11、
2006年暑假的某天,甚尔已经失踪四个月。
晚饭后,我推着年仅三岁半的惠,去到洗手池边,让他刷碗。没什么别的原因,就是突然看不惯他,要怪就怪他突然失踪的亲爹吧。
而且,我这也是为他好。等惠学会做家务,就能打败日本90%的男人,这是何等荣誉!
津美纪守在惠身边,我把她赶去沙发。
但厨房是开放式,她仍能看见洗碗的惠。水流声,碗筷碰撞声,流淌在耳边。
她坐在我身边,总是偷偷看过来,像是有话说。她又看一眼刷碗的惠,极其小声地问:
“妈妈……”她声音极轻,“好像很久没见到甚尔叔叔了,他怎么了吗?”
电视综艺里,某个艺人哇地大叫一声。
“死掉了吧。”我说。
“啊?”
津美纪吓了一跳,捂住嘴,又飞快看向惠,见惠半点反应也没,才松了口气,问我:
“是像那个……在路上看见过的猫一样吗?”
曾在街上,我们遇见过被碾死的猫,那大概是津美纪对死亡的初印象。那之后,她就一直很怕翡翠离家。
“差不多吧。”
死状可能不太一样,但没必要分那么清。
“……没有葬礼吗?”津美纪又问,“像之前我们参加过的,人好像是有葬礼的?”
说完这句话,津美纪这才想起什么,飞快看向惠。但惠半点反应都没,虽和甚尔住同一屋檐下,但他几乎没见过甚尔。
津美纪这才放心地望回来。
“没葬礼,”我摇头,“举办葬礼需要法律上的死亡证明,那要失踪两年还是四年才能拿到,唉,说复杂了你也听不懂。”
“失踪?”
“就是找不到人的意思。”
“所以、所以,不像那只变扁的猫咪,叔叔他只是走丢了?”
“不,我觉得死了。”
“为什么?”
“没有为什么。”
“那,要不要去找找?万一,叔叔没有去世呢?”
“……那很麻烦。

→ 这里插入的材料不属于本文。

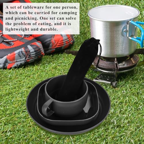 HIGH QUALITY: The plates and cups and bone saucers of this camping set are made of pp material. The stainless steel cutlery is made of high quality stainless steel and is sturdy and durable.
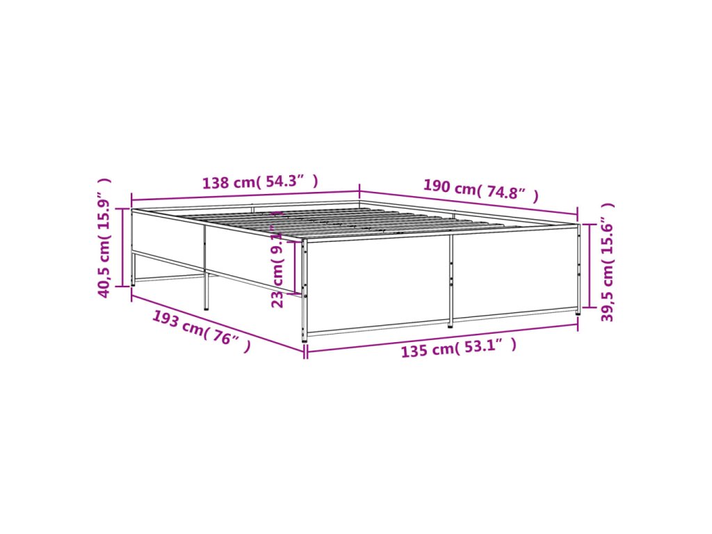Rám postele hnědý dub 135 x 190 cm kompozitní dřevo a kov 3279906
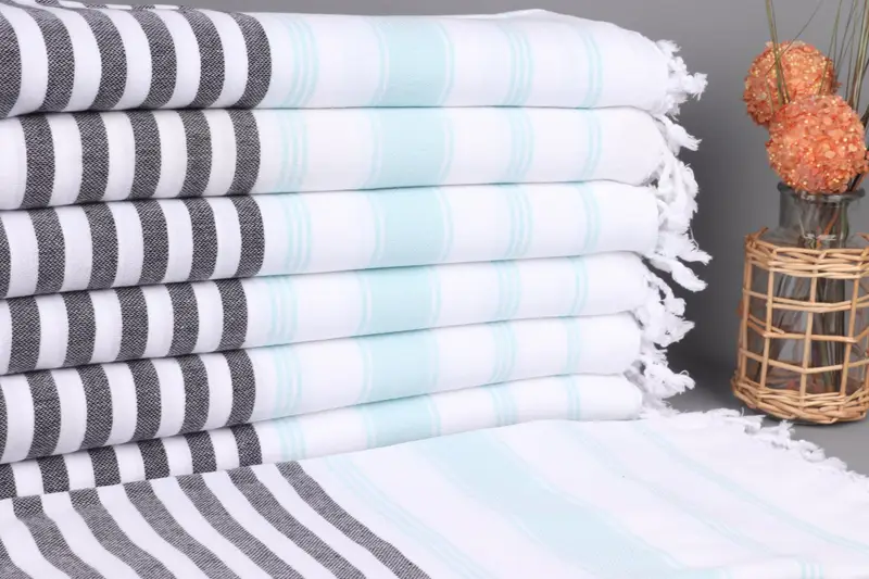 オーガニックコットン糸を使用しているため、吸水性と耐久性に優れており、多用途に最適です。トルコ製ビーチタオルのサイズは 40x71 インチ (100x180 センチメートル)、手織りのため最大 2 インチ (5 センチメートル) の誤差があります。重さは約 300 グラムです。オーダーカスタマイズオプションには名前やロゴの刺繍が含まれており、予洗いされたタオルは使用するほど柔らかくなります。
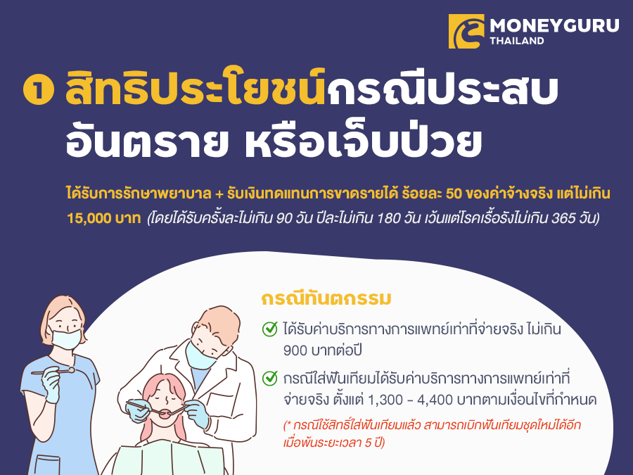 - กรณีทันตกรรม ได้รับค่าบริการทางการแพทย์เท่าที่จ่ายจริงตามความจำเป็น ไม่เกิน 900 บาทต่อปี (กรณีถอนฟัน อุดฟัน ขูดหินปูน และผ่าตัดฟันคุด)
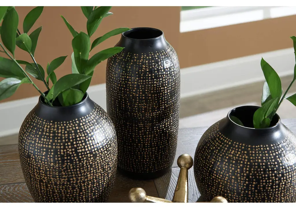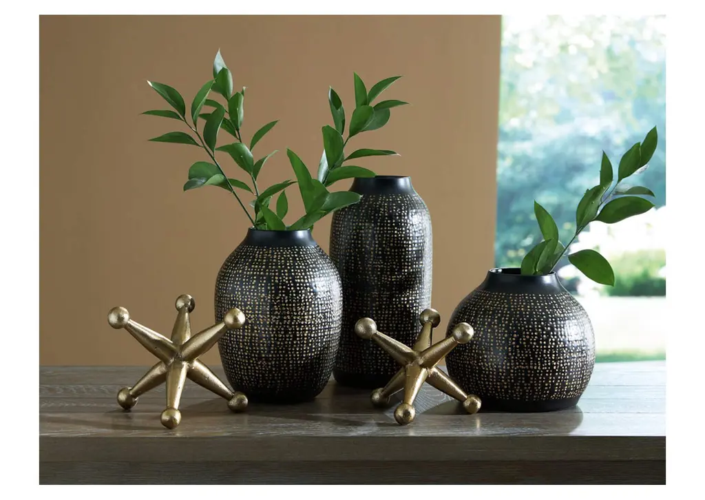Elevate your decor with the striking Vinburn accessory set. Its sleek black vases, adorned with delicate goldtone accents, are perfect for displaying your favorite faux blooms or standing alone as minimalist statements. They're paired with bold geometric sculptures, creating a dynamic and sophisticated look for modern spaces. Weight 8.000 lbs. (3.6kgs.)
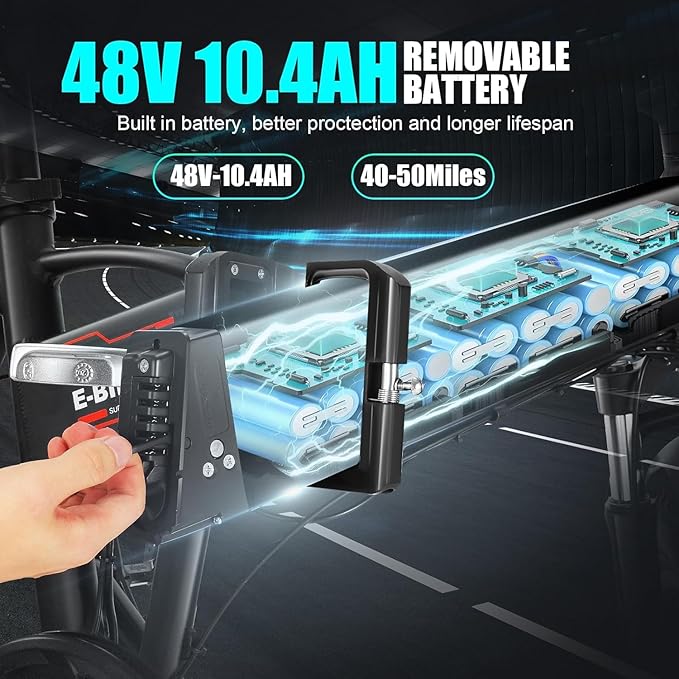 - Hidden Battery &Foldable Design: Equipped with a high-capacity 48V 10.4Ah hidden li-ion battery that can last up to 40-55miles on a single charge. Foldable lightweight aluminum frame makes it easy to store and transport.
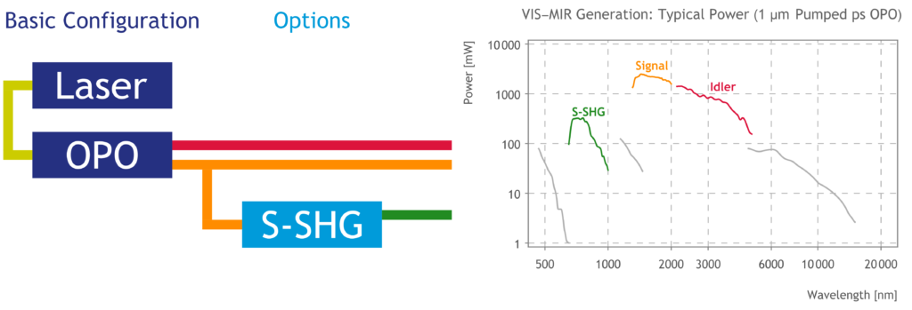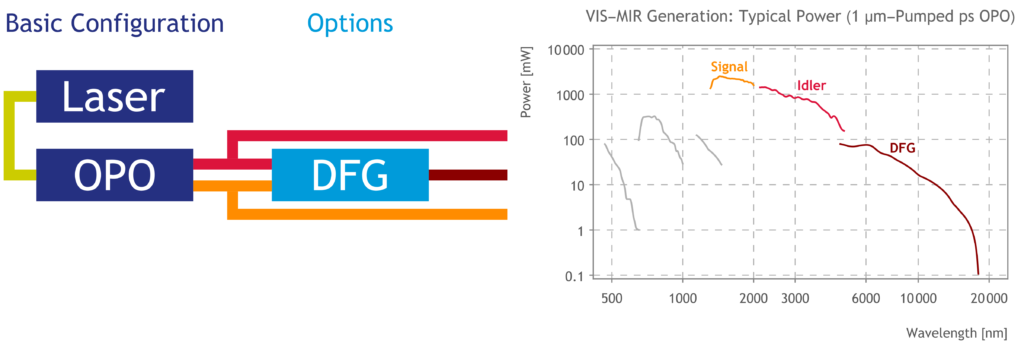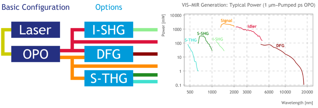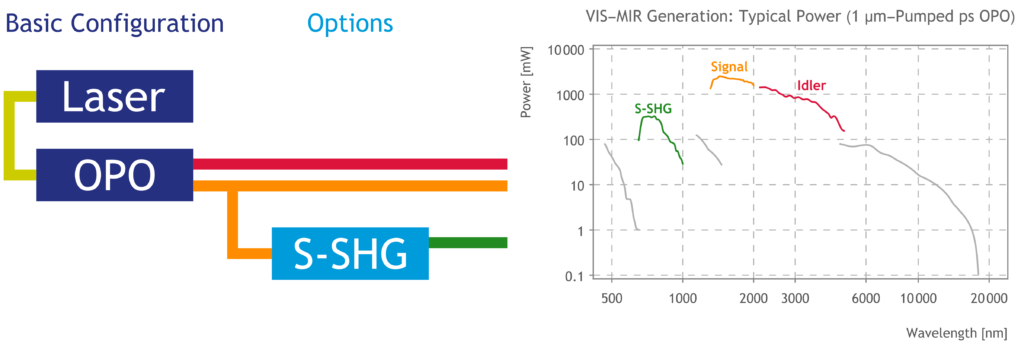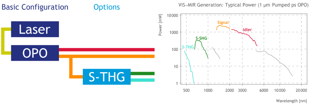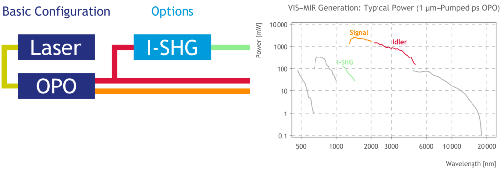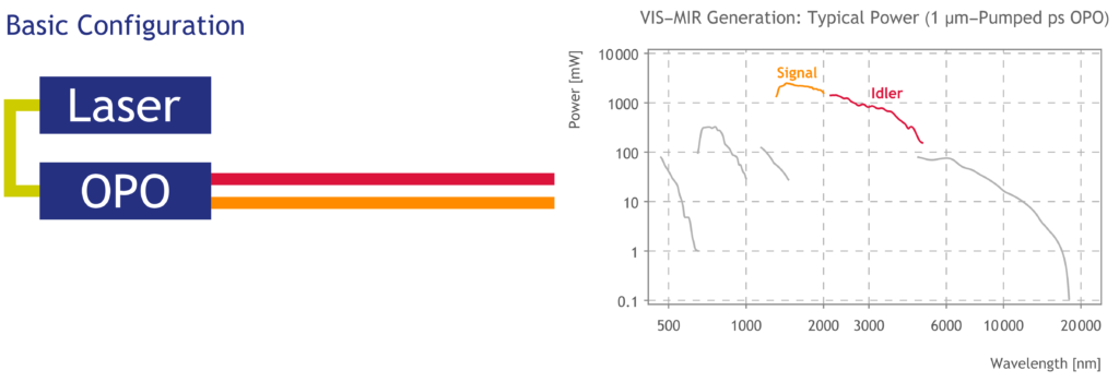 Systems can be further customized using pulse pickers (pulseSelect) to reduce the repetition rate, spectral slicers (pulseSlicer) for bandwidth reduction and optical delay lines (scanDelay). Multiple OPOs can also be pumped simultaneously by a single pump laser to generate independent, tunable, and temporally synchronized pulses.
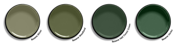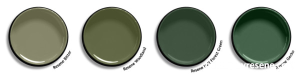 “There are two exceptions to the pales and darks. That is a handful of greens like moss and forest tones that sit in the midtones – Resene Bitter, Woodland, Half Forest Green and Gecko.”
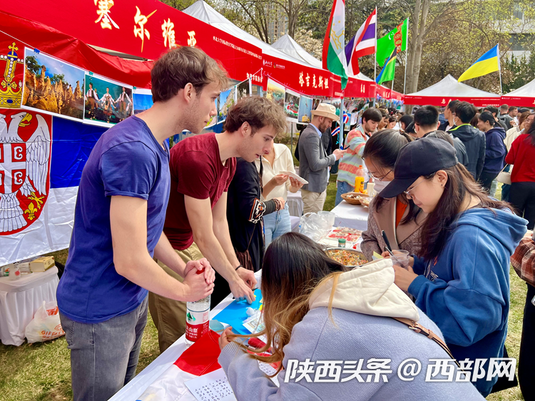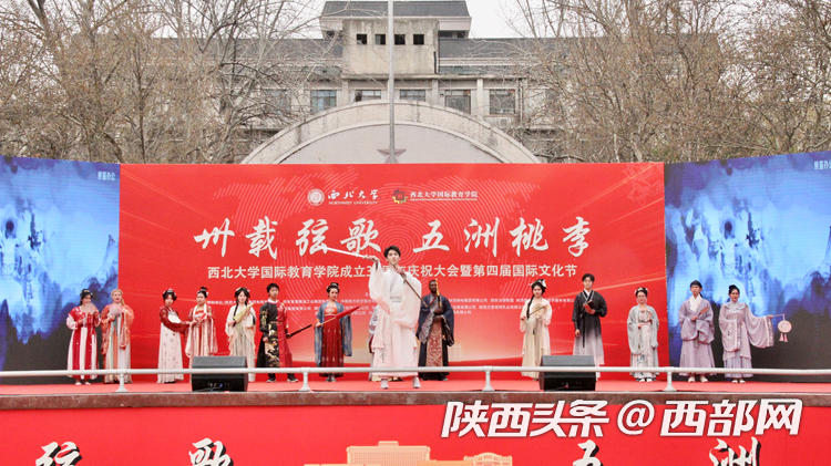 庆祝大会上开启了AC米兰中国官网第四届国际文化节,内容包括国别展览和文艺表演。来自22个不同国家的留学生们向现场嘉宾们展示了世界各地的风景、服饰、艺术品、美食、音乐等,呈现了不同国家的文化特色和风土人情。舞台上,留学生进行了情景剧、舞蹈、歌曲串烧和汉服表演,西安易俗社还进行了精彩的秦腔表演。
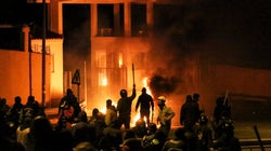 Νωρίτερα, μία όμάδα αστυνομικών με πολιτικά επιχειρεί αιφνιδιασμό. Ξαφνικά πηδάνε πάνω από την περίφραξη του λιμανιού και περνούν στην αντεπίθεση. Τα δακρυγόνα είναι στην ημερήσια διάταξη, ενώ μάλλον δεν βρέθηκε κάποιος να ευχηθεί ”καλό ταξίδι”...
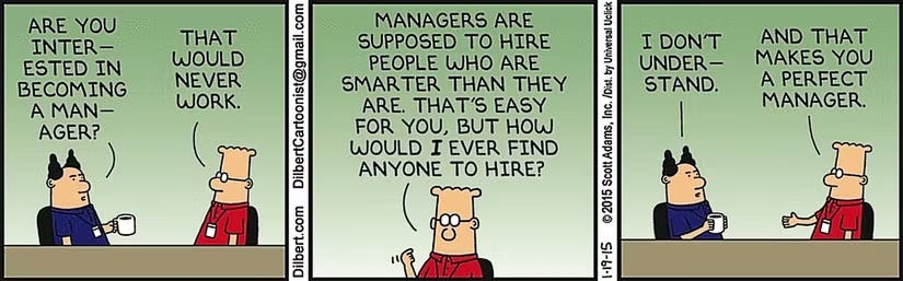 Likewise most large institutions have decided that a manager doesn’t need to know even the bare essentials of whatever work they appoint him to manage.
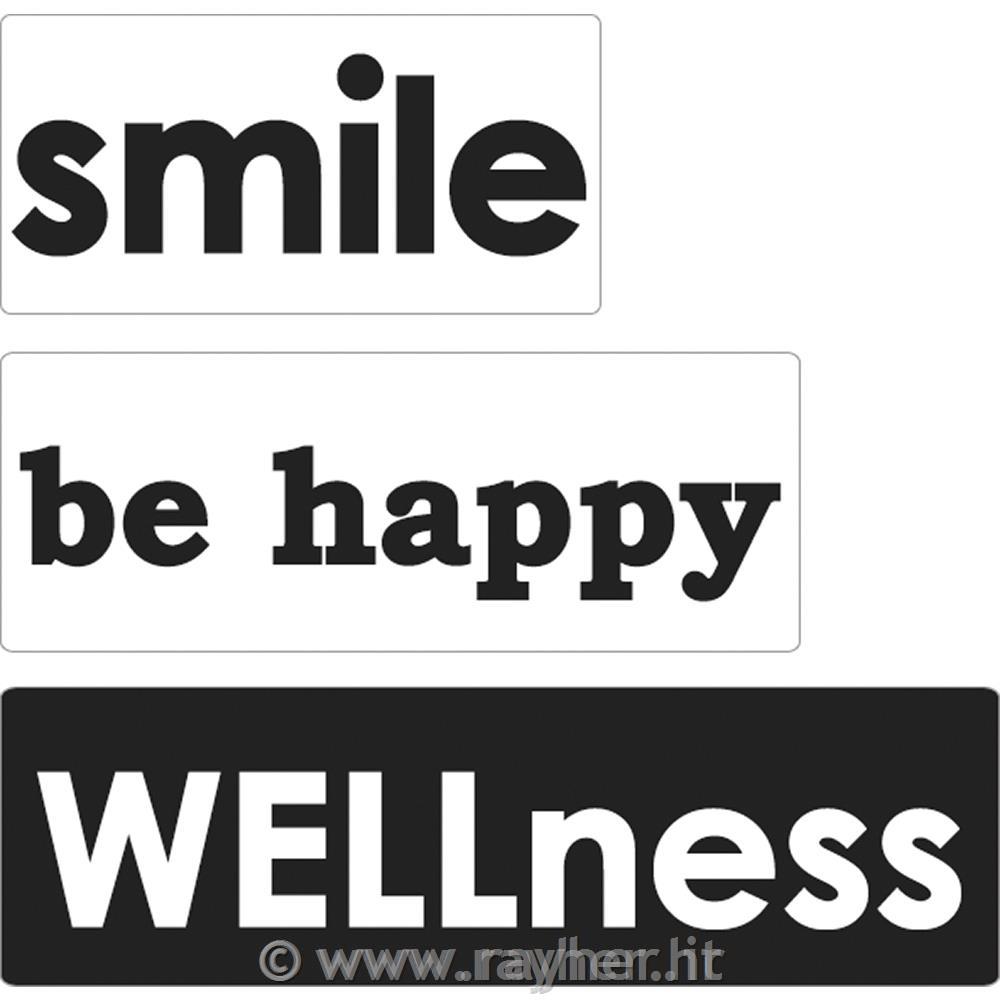 Labels "smile", "be happy", "WELLness",30x15mm, 40x15mm, 50x15mm, 3pc
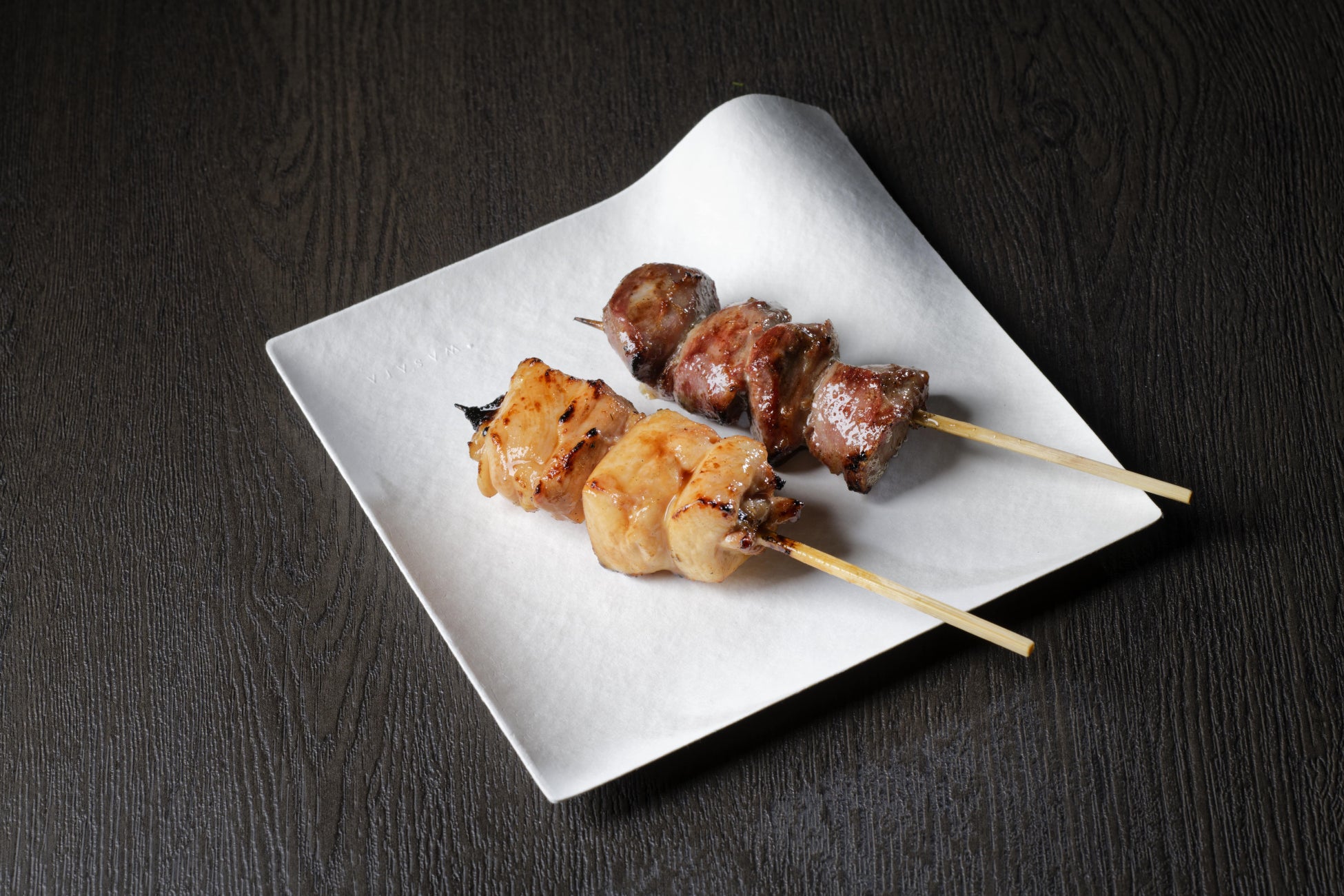 「焼鳥盛合わせ(かしわ串、砂肝串)」
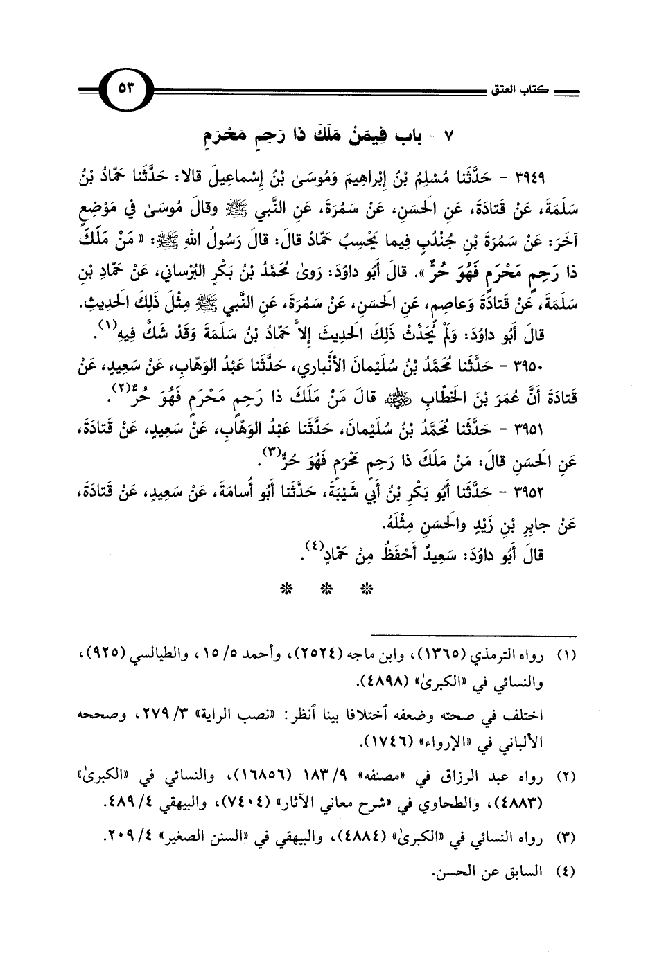 3949 - حَدَّثَنا مُسْلِمٌ بْنُ إِبْراهِيمَ وَمُوسَى بن إِسْماعِيلَ قالا: حَدَّثَنا حَمّادُ بْنُ سَلَمَةَ، عَنْ قَتادَةَ، عَنِ الحَسَنِ، عَنْ سَمُرَةَ، عَنِ النَّبي -صلى اللَّه عليه وسلم- وقالَ مُوسَى في مَوْضِعٍ آخَرَ: عَنْ سَمُرَةَ بْنِ جُنْدُبِ فِيما يَحْسِبُ حَمّادٌ قالَ: قالَ رَسُول اللَّهِ -صلى اللَّه عليه وسلم-: "مَنْ مَلَكَ ذا رَحِمٍ مَحْرَمٍ فَهُوَ حُرٌّ". قالَ أبو داوُدَ: رَوى مُحَمَّدُ بْنُ بَكْرٍ البُرْساني، عَنْ حَمّادِ بْنِ سَلَمَةَ، عَنْ قَتادَةَ وَعاصِمٍ، عَنِ الحَسَنِ، عَنْ سَمُرَةَ، عَنِ النَّبي -صلى اللَّه عليه وسلم- مِثْلَ ذَلِكَ الحَدِيثِ.

”
津美纪沉默了,又不停地偷看,但我假装没注意她、在认真看电视。终于,她又鼓起勇气,支支吾吾道:
“但我觉得你不是很开心。”
刚说完,她立刻补充:“没有说你真的不开心,只是我觉得。”
她攥紧双手,小心翼翼,让我想起小时候的自己。但我明明不像我的双亲,没有对她很坏,只是对她不够好罢了。
大概是见我不说话,她靠拢过来。
意识到时,身体已经避开她,侧去另一边,不愿与她贴近。
她僵住,像是热情冲上前却被主人一脚踹开的小狗。
“……”
场面有些尴尬。
这种时候,或许该假装无事发生?就像在大庭广众之下,摔了个狗吃屎,要自己站起来,假装不在意地对众人笑笑。
我假装什么都没注意到,拉回话题:“要是我去找人,就要离家几天,就没人给你做饭了。”
津美纪也配合着,表情重新生动起来:“我会做饭的,我能照顾好自己、也能照顾好惠,我不会给你添麻烦!”
她在努力证明自己有价值,和一般的六岁孩童相比,显得太过早熟。这大概是因为我从不和她亲近。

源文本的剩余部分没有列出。